果然,一些話只能在手機上看看,真要從文字轉化成語言,真的是打死她也說不出來。
但總不能話說一半就停了,謝亦還在等著她的下文呢,所以她只能硬著頭皮繼續說下去。
「——蹦極、跳傘、過山車之類的……」
謝亦看著她笑了:「你沒玩過跳傘和過山車,蹦極倒是試過一回,大四那會兒我帶著你去永離山跳的。離新京比較遠,開車過去也要七個小時,不如出院后我帶你試試?」
董桑的臉在瞬間變得煞白,「我……我還蹦過極的嗎……」
他點點頭:「那個時候網上很流行這個,說是什麼最接近死亡的體驗,你就讓我帶你過去跳,我讓你多考慮一下還跟我發脾氣,說我看不起你的膽量。」
「那我……跳完了沒?」
「跳完了。」
「感覺怎麼樣?」
「還好,抱著我說以後再也不會去那個鬼地方。」謝亦道,「對你來說印象應該非常深刻,所以如果你要刺激記憶的話,再去跳一次的確是一個很好的選擇。」
董桑:「……」
她從來沒有像現在這樣恨過自己的這張嘴,恨到想打兩個大耳光子扇上去。讓你亂說話,讓你亂說話!
怎麼就這麼巧呢,她竟然在以前跳過這個。而現在,她雖然失去了記憶,但全身的細胞都在叫囂著不想跳,看來那次蹦極之旅一定非常的刺激,讓她光是聽到這兩個字就一陣寒戰,一點都不想再重溫一遍。
人果然是不能亂說話,一撒謊就要倒霉。
就在董桑欲哭無淚的時候,謝亦忽然笑開,深眸粲然如星,充滿了熠熠的神採光輝。
「傻桑桑,我逗你的。」他撫上她的臉龐,「醫生說腦震蕩的愈後期是三個月,這期間你不能經受太大的刺激,我怎麼可能帶你去蹦極呢?要去也是三個月後去。」
董桑像是被人從鬼門關前拉了回來,一下子放鬆了全身,連對方捧在她臉上的手也顧不得害羞了,只覺得一陣劫後餘生的慶幸,還好還好,萬幸萬幸!
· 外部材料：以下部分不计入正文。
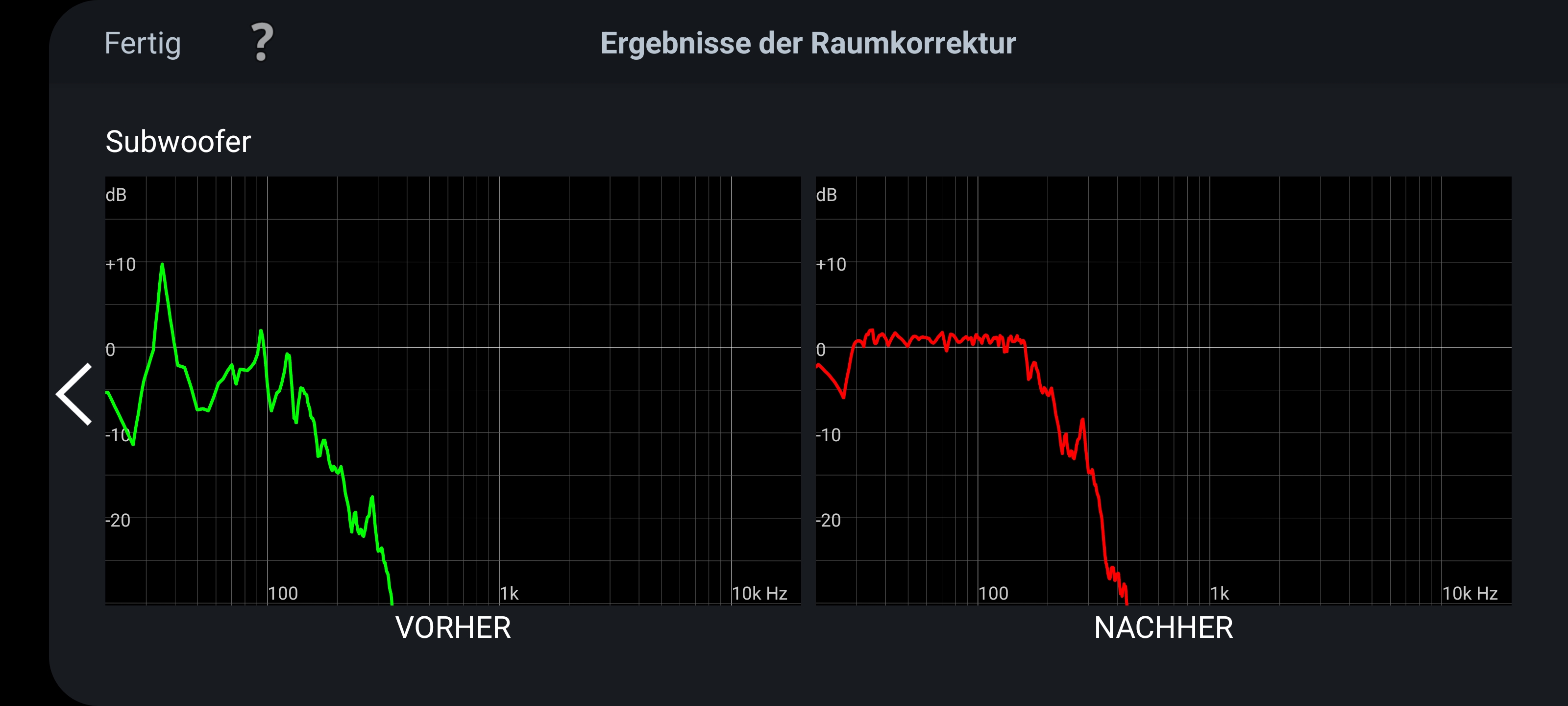 Zu deinen Basspegeln, du hast halt momentan quasi 20db Unterschied im Bassbereich (unkorrigiert), also sehr unausgewogen von +10db bis -10db.

「那……那我現在怎麼辦?」然而,人一放鬆下來就容易作死,比如現在,她又犯了剛才的毛病,多嘴問了一聲,「要怎麼恢復記憶?」
話一出口她就後悔了,未免謝亦再想出什麼可怕的遊樂項目,她連忙又加了一句:「有什麼溫和一點的方法能讓我產生較大情緒波動的嗎?」
重點在於溫和這兩個字,溫和,她相信聰明如謝亦是一定能聽得懂的。
謝亦定定地看著她,幾秒鐘后揚起一個微笑,說道:「有。」
接著,他捧起她的臉,低頭對著她的唇親吻了上去。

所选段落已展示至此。